§ **RECORDS SUPPLIED**:
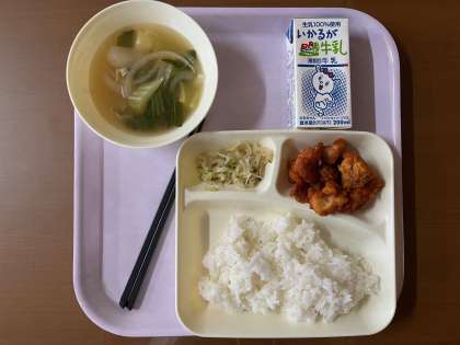 今日の給食は、ヤンニョムチキン・豆腐のスープ・切り干し大根のナムル・ごはん・牛乳です。
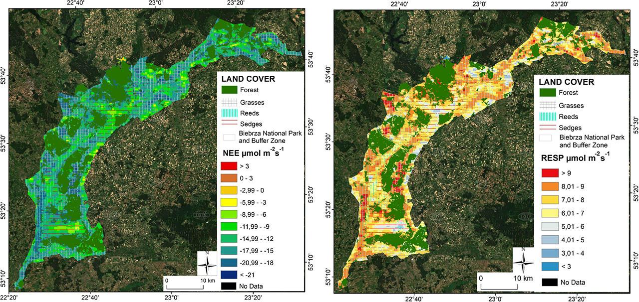 This study describes the method of determining NEE using satellite indicators such as NDVI, LST and NDII, and meteorological environmental parameters Tair, Tsoil, for soil moisture (SM), the model based on Sentinel-1 data. The model (eq. 8) gives the spatial distribution of daily NEE for each pixel covering three types of vegetation habitats at Biebrza wetland area. The differentiation of phenological development and moisture conditions between the habitats translates into CO2 exchange; the distribution of the daily NEE values generated by the model in the observation points is consistent with those measured at the data EC tower. Two fluxes making up the CO2 exchange, GPP and RESP, were estimated. The precision of the daily GPP model, using MODIS NDVI and Ts-Ta as the parameters, is 1.4 μmol m−2 s−2; using Sentinel-2 NDVI and NDII is 1.7 μmol m−2 s−2. The precision of the instant RESP model, using NDVI and soil temperature, air temperature and soil moisture, is 1.2 μmol m−2 s−2.
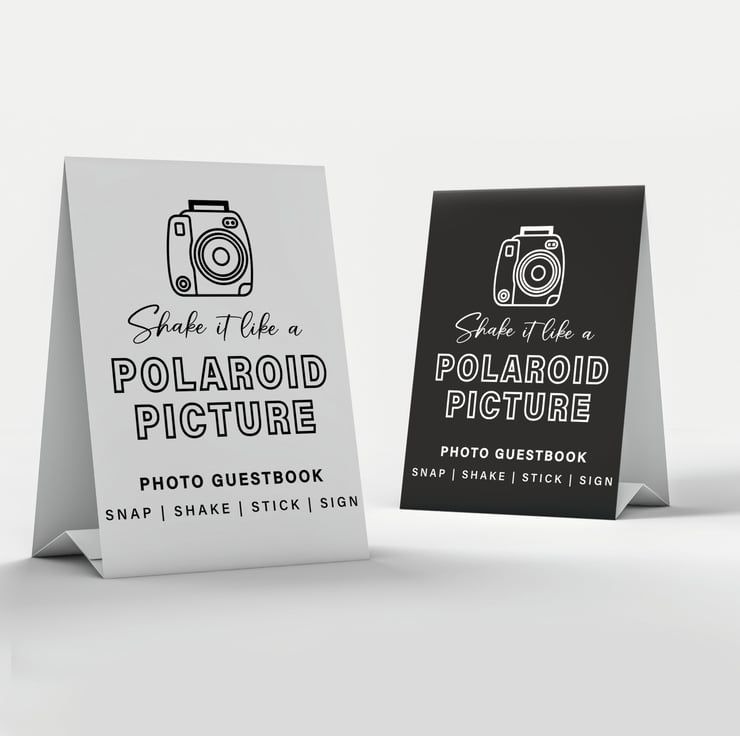 Photo guestbooks are in trend and are an amazing way to treasure your special day. Elegant, fun and informative, this is the perfect sticker for your DIY sign. Help your guest discover your guestbook and enjoy following the simple instructions: snap, shake, stick & sign!
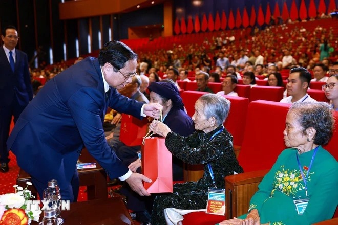 Phát biểu tại hội nghị, thay mặt lãnh đạo Đảng, Nhà nước, Thủ tướng Chính phủ Phạm Minh Chính trân trọng gửi đến các đồng chí lão thành cách mạng, các Mẹ Việt Nam Anh hùng, Anh hùng Lực lượng vũ trang nhân dân, các thương binh, bệnh binh, thân nhân liệt sỹ, người có công với cách mạng những tình cảm sâu nặng, lòng tri ân sâu sắc và lời thăm hỏi ân cần, thân thiết nhất; bày tỏ niềm tiếc thương vô hạn trước sự ra đi của Đồng chí Tổng Bí thư Nguyễn Phú Trọng, nhà lãnh đạo xuất sắc của Đảng, Nhà nước ta, người luôn đặc biệt quan tâm chăm lo công tác người có công với cách mạng.
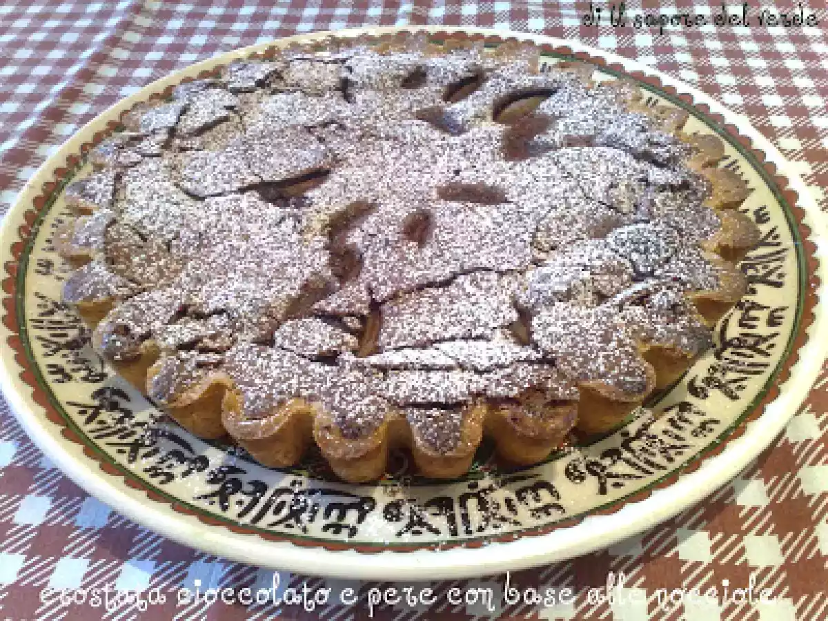 Crostata cioccolato e pere con base alle nocciole Dessertfacile30 min Invia questa ricetta ad un amico Stampa la ricetta Contatta l'autore della Ricetta Pubblica la foto di questa ricetta Ingredienti 6 Per la frolla alle nocciole 140 g di farina, 15 g di nocciole tritate, 60 g di zucchero, 90 g di burro morbido, 1 tuorlo, 1 cucchiaino di lievito in polvere, un pizzico di sale. Per la farcia 100 g di cioccolato fondante, 20 g di cacao in polvere, 3 uova, 130 g di zucchero, 100 ml di panna fresca, 25 g di mandorle in polvere, pere sciroppate
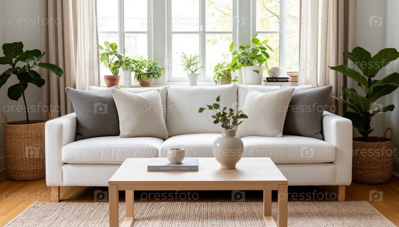 Естественный белый диван с подушками на солнце, спокойный интерьер
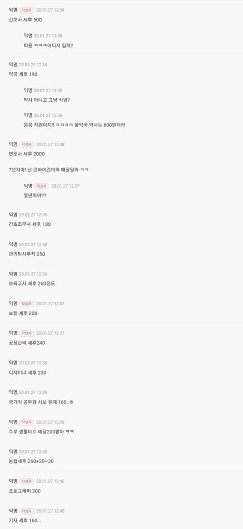 익명으로 밝힌 여성들의 직업별 월급
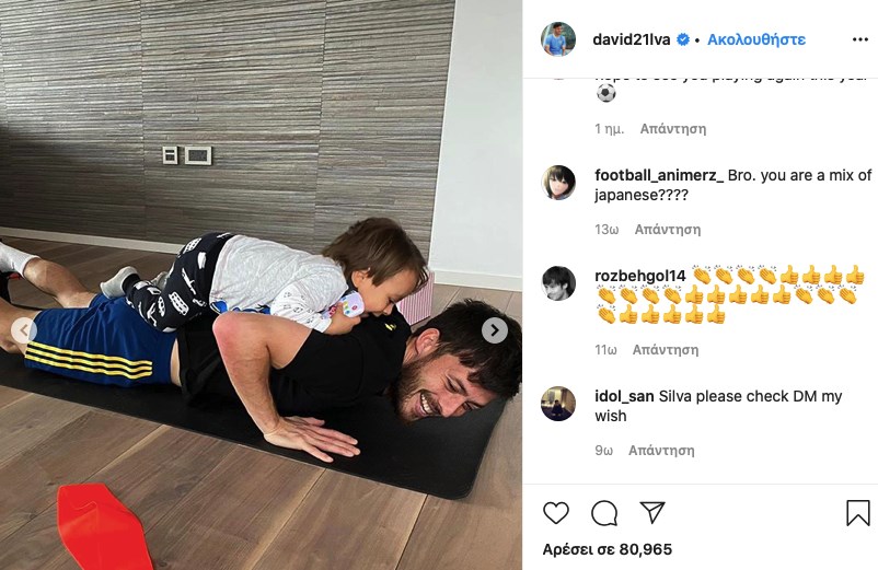 Ο παίκτης της Μάντσεστερ Σίτι, David Silva, συνδυάζει την γυμναστική με το παιχνίδι με τα παιδιά του, ώστε να είναι διασκεδαστικό για όλους.
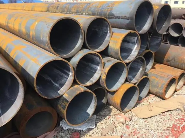 2.冷拔(轧)亳州大口径厚壁无缝钢管:圆管料→加热→破孔→打头→退火→酸洗→抹油(镀铜)→多道次冷拔(冷扎)→坯管→热处理→矫直→水压试验(探伤)→标识→进库。冷拔(轧)无缝钢管的冷轧方式较热扎它们生产流程前三步基本一致。不同之处从第四个流程逐渐,圆管料经打空后,要开头,退火。退火后进行酸洗。酸洗后,抹油。随后紧接着是经过多道次冷拔(冷扎),专门的热处理。热处理后,就要被校直。钢管经校直后进行内部探伤。钢管质检后还要通过严格手工选择。钢管质检后,用漆料喷上编号、规格、生产日期等。并由吊车吊入仓库里。
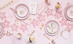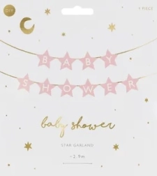Adaugă farmec decorului baby shower cu bannerul de hârtie cu steluțe și inscripția Baby Shower. Varianta în roz deschis este ideală pentru un decor delicat, elegant și fotogenic.
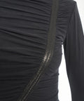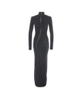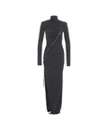 Dieses elegante Maxi-Kleid von Elisabetta Franchi besticht durch seinen modernen Schnitt und die effektvollen Raffungen. Es verfügt über einen hohen Rollkragen und lange Ärmel, die eine schlanke Silhouette betonen. Ein diagonaler Reißverschluss akzentuiert die seitlichen Raffungen und verleiht dem Kleid eine besondere Note. Hergestellt in Italien.

§ **YOUR TASK**: The answer should consist only of the lines from the one with "익명으로 밝힌 여성들의 직업별 월급" through the last line of the material above, copied exactly, with no pictures.

§ **EXERCISE SOLUTION**:
 익명으로 밝힌 여성들의 직업별 월급
 Ο παίκτης της Μάντσεστερ Σίτι, David Silva, συνδυάζει την γυμναστική με το παιχνίδι με τα παιδιά του, ώστε να είναι διασκεδαστικό για όλους.
 2.冷拔(轧)亳州大口径厚壁无缝钢管:圆管料→加热→破孔→打头→退火→酸洗→抹油(镀铜)→多道次冷拔(冷扎)→坯管→热处理→矫直→水压试验(探伤)→标识→进库。冷拔(轧)无缝钢管的冷轧方式较热扎它们生产流程前三步基本一致。不同之处从第四个流程逐渐,圆管料经打空后,要开头,退火。退火后进行酸洗。酸洗后,抹油。随后紧接着是经过多道次冷拔(冷扎),专门的热处理。热处理后,就要被校直。钢管经校直后进行内部探伤。钢管质检后还要通过严格手工选择。钢管质检后,用漆料喷上编号、规格、生产日期等。并由吊车吊入仓库里。
Adaugă farmec decorului baby shower cu bannerul de hârtie cu steluțe și inscripția Baby Shower. Varianta în roz deschis este ideală pentru un decor delicat, elegant și fotogenic.
 Dieses elegante Maxi-Kleid von Elisabetta Franchi besticht durch seinen modernen Schnitt und die effektvollen Raffungen. Es verfügt über einen hohen Rollkragen und lange Ärmel, die eine schlanke Silhouette betonen. Ein diagonaler Reißverschluss akzentuiert die seitlichen Raffungen und verleiht dem Kleid eine besondere Note. Hergestellt in Italien.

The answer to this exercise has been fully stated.